Repeat the data exactly. Pictures stay out.

Recorded data ▸

Segment Open

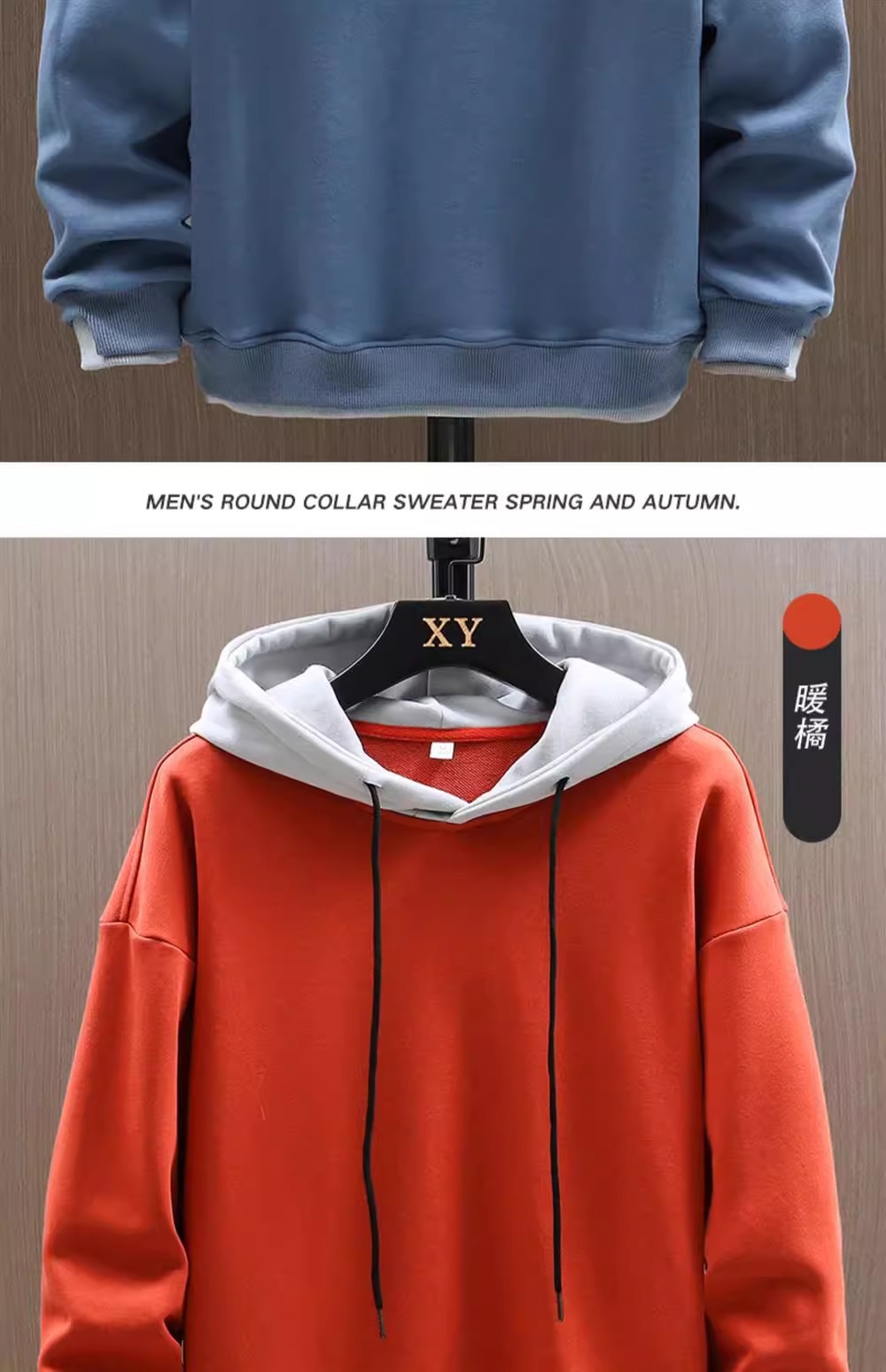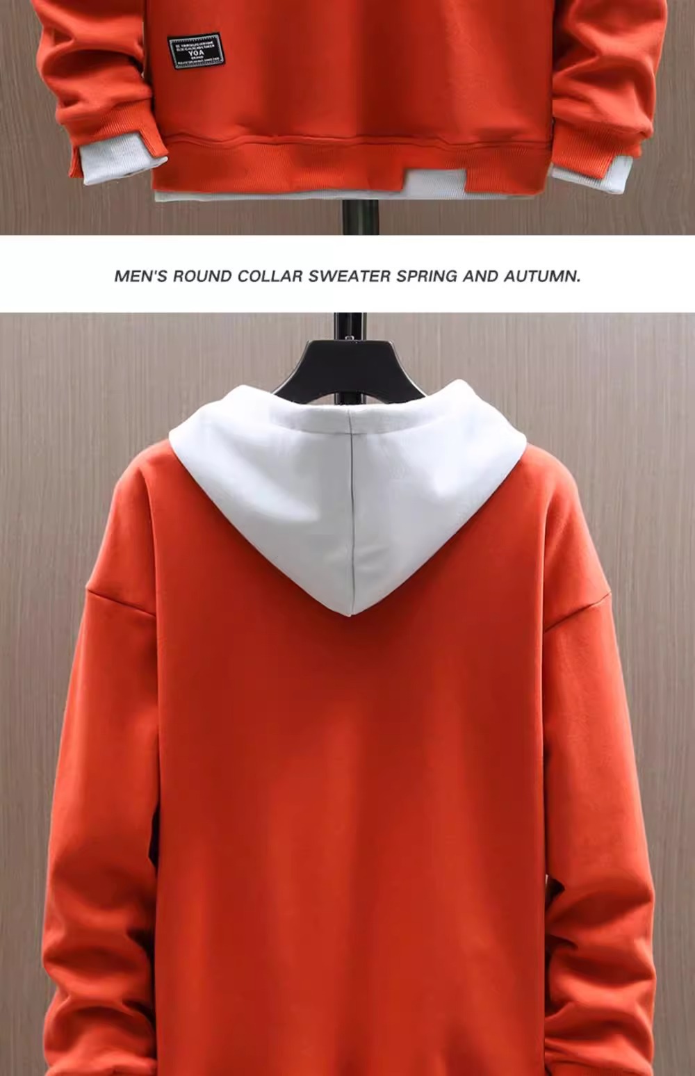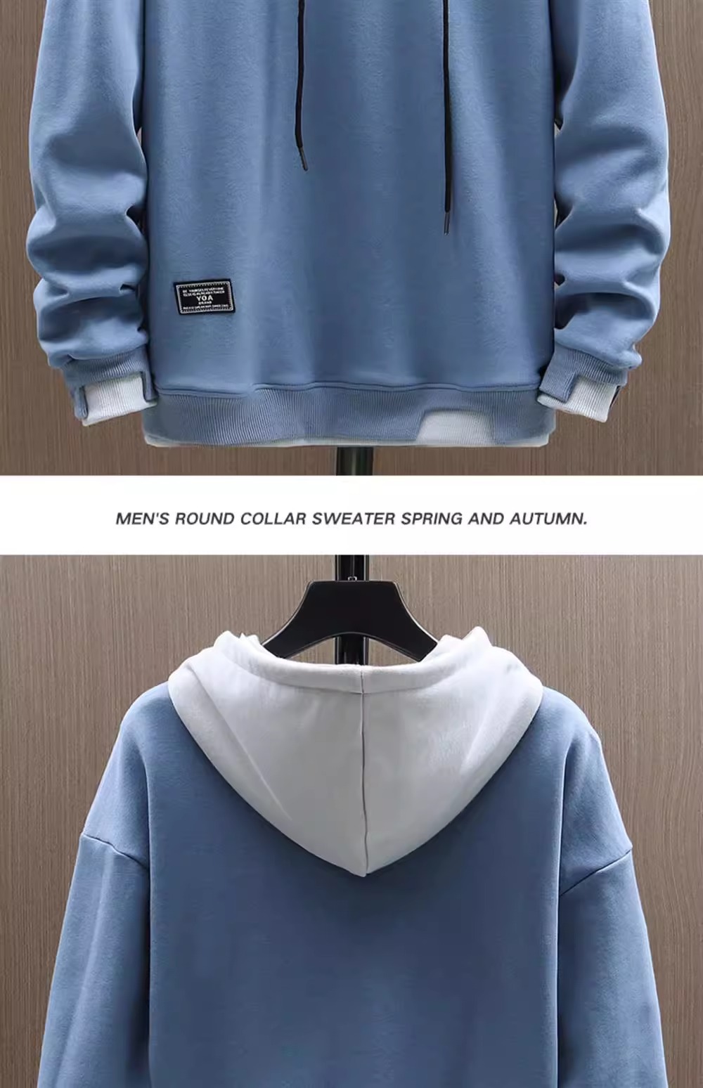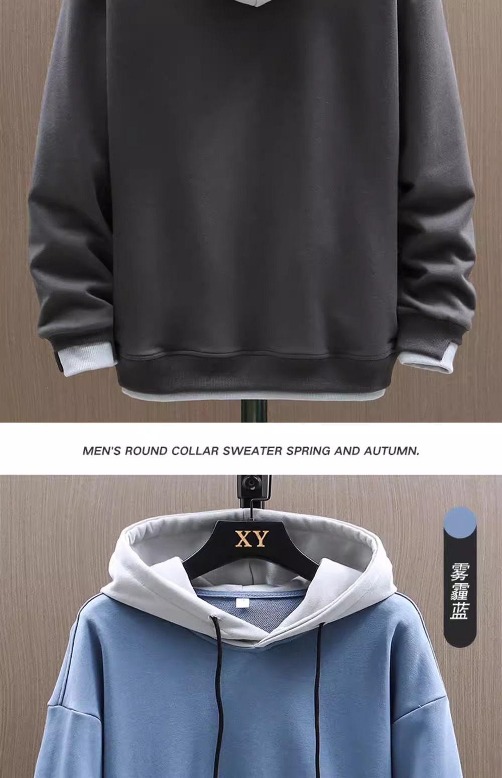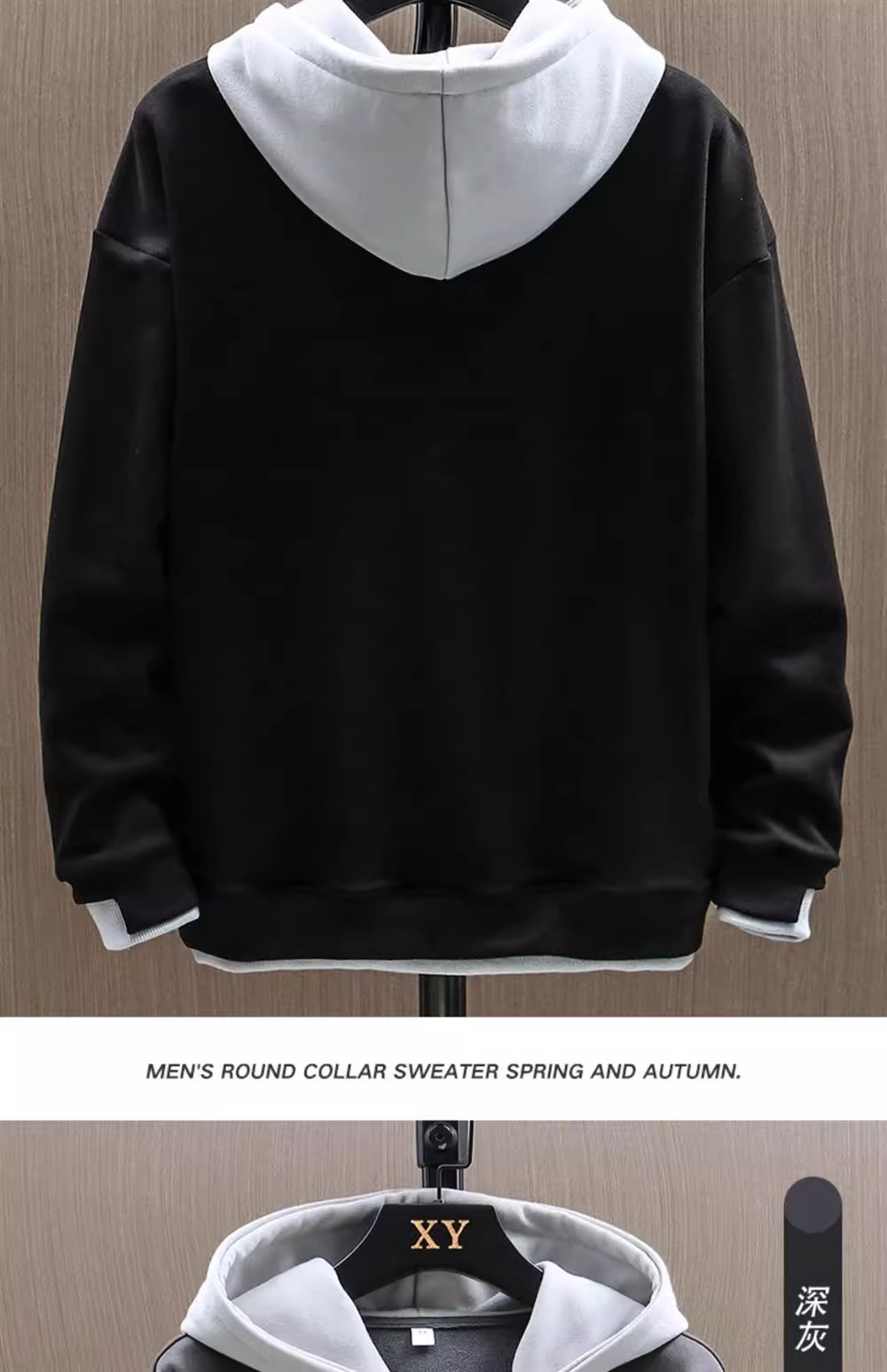 후드 스웨터 남자 2024 봄과 가을 일본 스타일 Instagram 패션 브랜드 가짜 투피스 루즈 스웨터 청소년 캐주얼 남성 의류
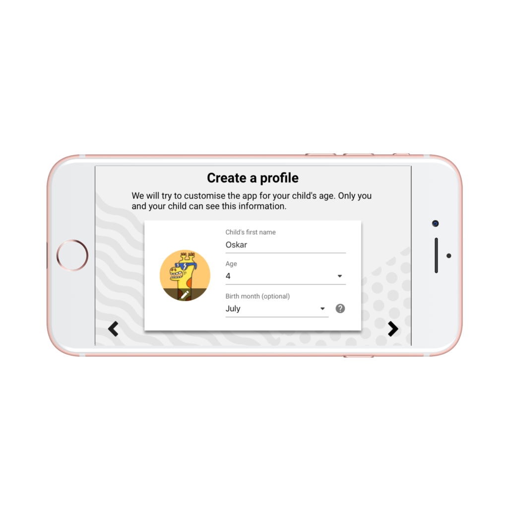 U prvo polje upišite djetetovo ime, zatim dob i, opcionalno, mjesec rođenja te pritisnite strelicu u donjem desnom dijelu ekrana.
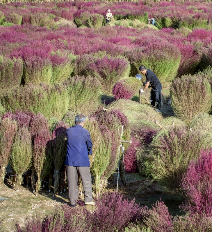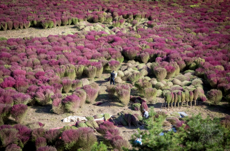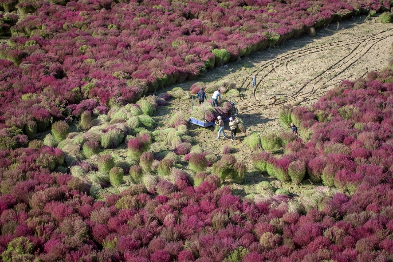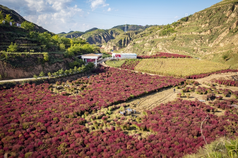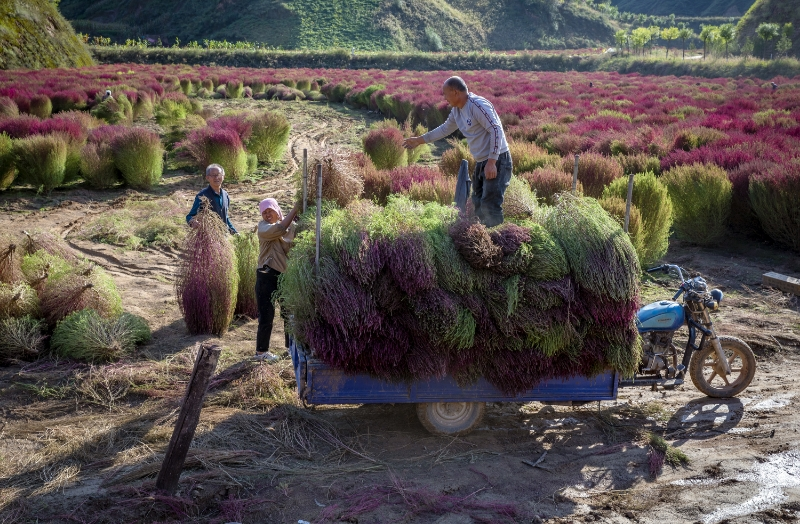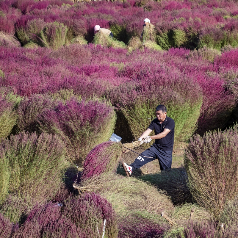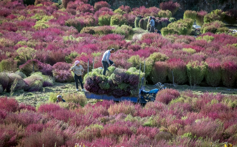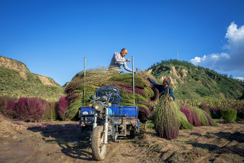 秋分时节,吕梁市柳林县贾家垣乡曹家沟村的特色种植基地迎来丰收。漫山遍野的扫帚草,红、黄、绿交织,形成一幅绚丽画卷。村民们穿梭其中,收割捆扎,脸上洋溢着喜悦。

Segment Closed

Expected answer ▸
 후드 스웨터 남자 2024 봄과 가을 일본 스타일 Instagram 패션 브랜드 가짜 투피스 루즈 스웨터 청소년 캐주얼 남성 의류
 U prvo polje upišite djetetovo ime, zatim dob i, opcionalno, mjesec rođenja te pritisnite strelicu u donjem desnom dijelu ekrana.
 秋分时节,吕梁市柳林县贾家垣乡曹家沟村的特色种植基地迎来丰收。漫山遍野的扫帚草,红、黄、绿交织,形成一幅绚丽画卷。村民们穿梭其中,收割捆扎,脸上洋溢着喜悦。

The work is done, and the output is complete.